Namieno describes recurrent cases after curative resection for early gastric cancer even though the tumour had seemed to be completely resected by surgery.
The author defines pathologic features of recurrence in findings that can be assessed preoperatively by endoscopy and by biopsy.
The reported cumulative mortality rate due to recurrence of early gastric cancer ranges from 2% to 4% in the literature and 1% in his study.
The submucosal cancers are significantly more prone to recurrence than the mucosal carcinomas.
Moreover the macroscopically elevated type and the compound type cancers recur more often than depressed type carcinomas.
Differentiated adenocarcinomas have a high potential for venous invasion, while undifferentiated adenocarcinomas are characterized by a lymphatic invasion. Therefore differentiated carcinomas recur in the form of blood-borne metastases and surgeons cannot control bloodstream-containig carcinoma cells, whereas involved lymph nodes can be dissected by surgery.
Postoperative thorough follow up is indicated in particular in the cases of macroscopically compound and elevated -type carcinomas, microscopically differentiated carcinomas and lymphatic involvement with depressed, undifferentiated EGCs.
Although the preoperative staging and treatment selection, the patients should deserve protection from uncertainty by gastric resection (De Cosse).
Guadagni underlines the high recurrence risk for the intestinal histologic type, corresponding to the well differentiated type reported by Japanese authors.
Bozzetti confirms that patients undergoing surgery for EGC (especially the intestinal type) may have a circa 50% higher risk of a second tumor and should be periodically checked for others tumors, mainly in the supramesocolic area (Bozzetti).
With recent development of minimal treatment for early gastric cancer it's important to reaffirm that the identification of specific indicators of the metastatic potential of primary tumors has become more important.
Differentiated type gastric carcinoma(DGC), which corresponds roughly with the intestinal type of Lauren, can demonstrate phenotypic properties associated with mucin expression and brush border. The G type mucin phenotype and papillary adenocarcinoma should be distinguished from other types of DGCs because of their increased malignant potential in the incipient phase of invasion and metastases (Koseki).
Mucinous gastric carcinoma is rare and whether MGC behaves more aggressively than nonmucinous gastric carcinoma is controversial. Adachi indicates that although the macroscopic features of early MGC differ from those of early NMGC, patient prognosis and the frequency of lymph node metastasis do not differ (Adachi).
Recently many studies have demonstrated that the degree of tumor angiogenesis is related to the aggressiveness of the tumor and clinical outcome.
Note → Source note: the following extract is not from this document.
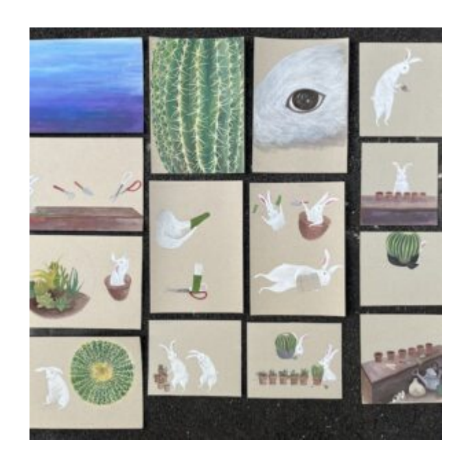
the making of rabbit, cactus, accident

Vascular endothelial growth factor (VEGF) is a well characterized inducer of angiogenesis. Multivariate analysis concludes that VEGF expression ( as well as submucosal invasion and lymph node metastases) is an indipendent predictor of disease recurrence (Maeda).
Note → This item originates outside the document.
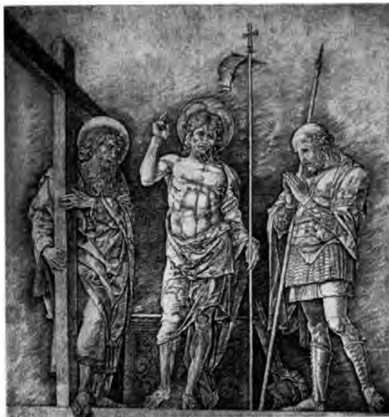
RESURRECTION OF CHRIST BY ANDREA MANTEGNA (1431-1506)

Cathepsin B and cathepsin L, both lysosomal cysteine proteases, degrade the extracellular matrix during tumor progression. Tumors with overexpression of cathepsin have powerful potential for invasiveness in the early stage of gastric carcinoma. Moreover cathepsins may be one of the determinants of the metastatic route (Dohchin).
Kawamura refers of a retrospective case-control study conducted on 10 patients with metachronous recurrence of gastric carcinoma after undergoing successful EMR therapy for EGC and on 14 patients without recurrence. Thirty percent of patients with recurrent disease shows microsatellite instability (MSI-H) whereas none of the patients with nonrecurrent disease does so (Kawamura).
MSI is thought to play an important role in the development of multiple primary cancers of the gastrointestinal tract.
Namieno T et al. Tumor recurrence following resection for early gastric carcinoma and its implications for a policy of limited resection. World J Surg. 22, 869-873,1998.